= Nemat Khana =

2022 book by Khalid Jawed

Nemat Khana (Urdu: نعمت خانہ, Hindi: नेमत ख़ाना, English: The Paradise of Food) is an Urdu-Language novel written by Khalid Jawed. It was first published in June 2014 by Arshia publication, Delhi. It has been translated in Hindi and English. The English translated work of Nemat Khana is titled as The Paradise of Food, which won the JCB prize for literature 2022.

== Plot & Themes ==
The novel is set against the 50-year lifespan of an orphan child named Zaheeruddin Babr alias Guddu Miyan. He lives in a middle-class joint family in the northern region. The storyline is running from his narration and provides the story in the form of a memoir. The story reveals unique habits of his family members with the changes in the societal framework. The kitchen and its tools are used as a metaphor for exploring the human attitude.

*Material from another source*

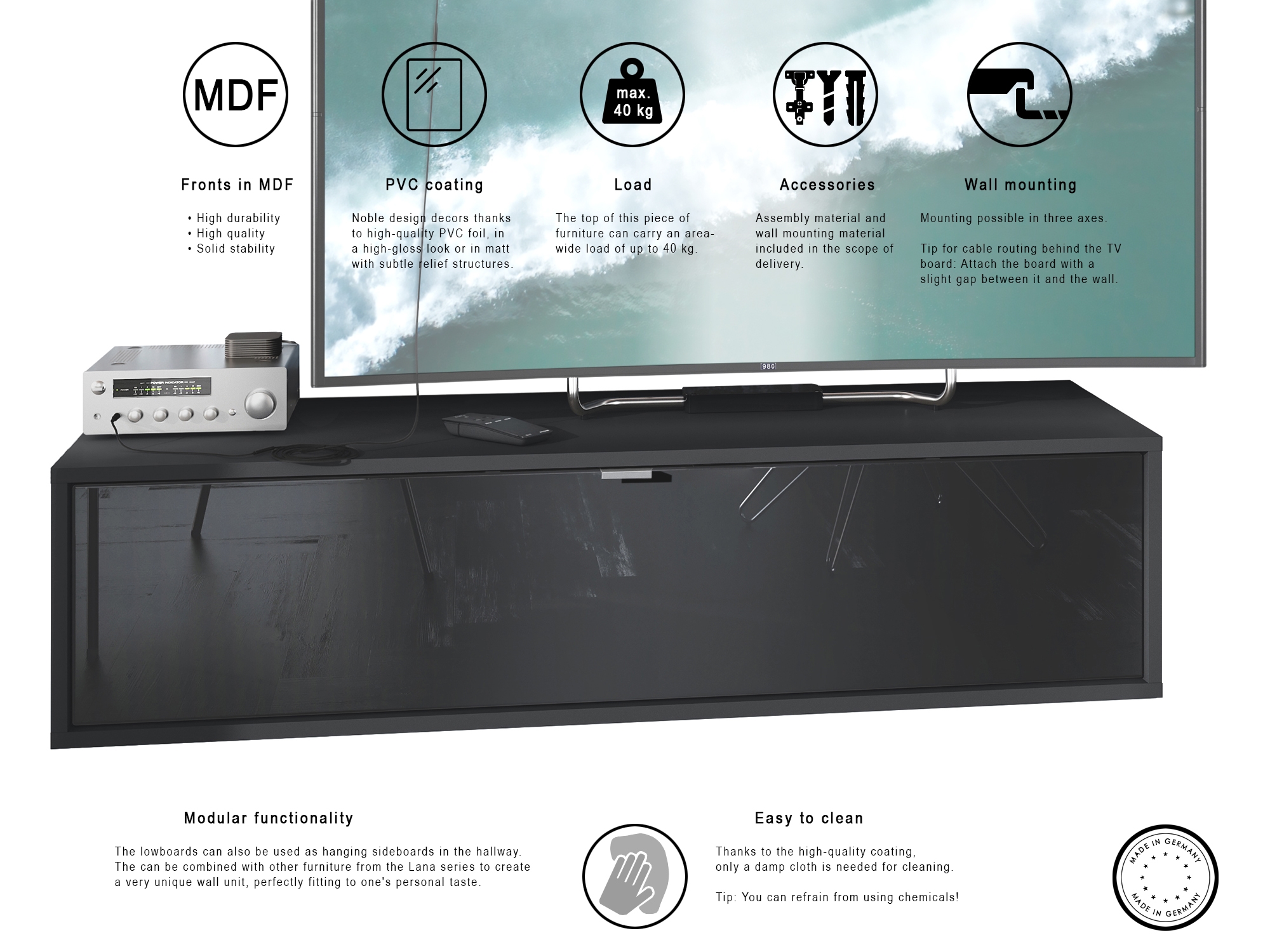 So viel mehr als nur ein TV Board: Das Hängeelement Lana demonstriert, was „Multifunktionalität“ bedeutet. In erster Linie als Lowboard gedacht, kann es genauso gut als Sideboard, Küchenschrank, Büro- oder Dielenmöbel genutzt werden. Es stellt die perfekte Ergänzung für jeden Haushalt dar.

The novel explored themes like Disgust & Desire, Kitchen as a battleground, Lust and Taboo. The narrative style of this Novel has explored the darkness of the human existence.

== Translation and publication history ==
The Urdu novel was first published in June 2014 by Arshia Publication, Delhi. Later, it was translated into English by Prof Baran Farooqi and published by Juggernaut Publications in 2022. The Hindi translation was done by Zaman Tarif and published by Surya Prakashan Mandir in 2022 only. Once it received the critical acclaim in among the critics and readers, Rekhta Foundation also brought the Hindi translation of this Novel in 2024.

== Critical reception ==
Shuma Raha of Deccan Chronicle wrote "The Paradise of Food is a complex work that will fill you with disquiet, but if you read it, it will likely leave an indelible impression on you.", Chintan Girish Modi of Moneycontrol wrote "Pick up this book if you do not mind reading about worms in intestines, people spitting phlegm, lizards falling into boiling milk, and bloodstains that look like korma gravy." and Saloni Sharma of Scroll.in wrote "Despite its eschewal of realism, this novel is a text cognisant of the political climate it has been written in.".

The book has been also reviewed by Ekram Khawar of The Indian Wire, Syed Saad Ahmed of Hindustan Times, Bindu Menon of The Tribune India and The Times of India.

== Award ==
The English translation of this book titled as The Paradise of Food was awarded JCB Prize for Literature 2022.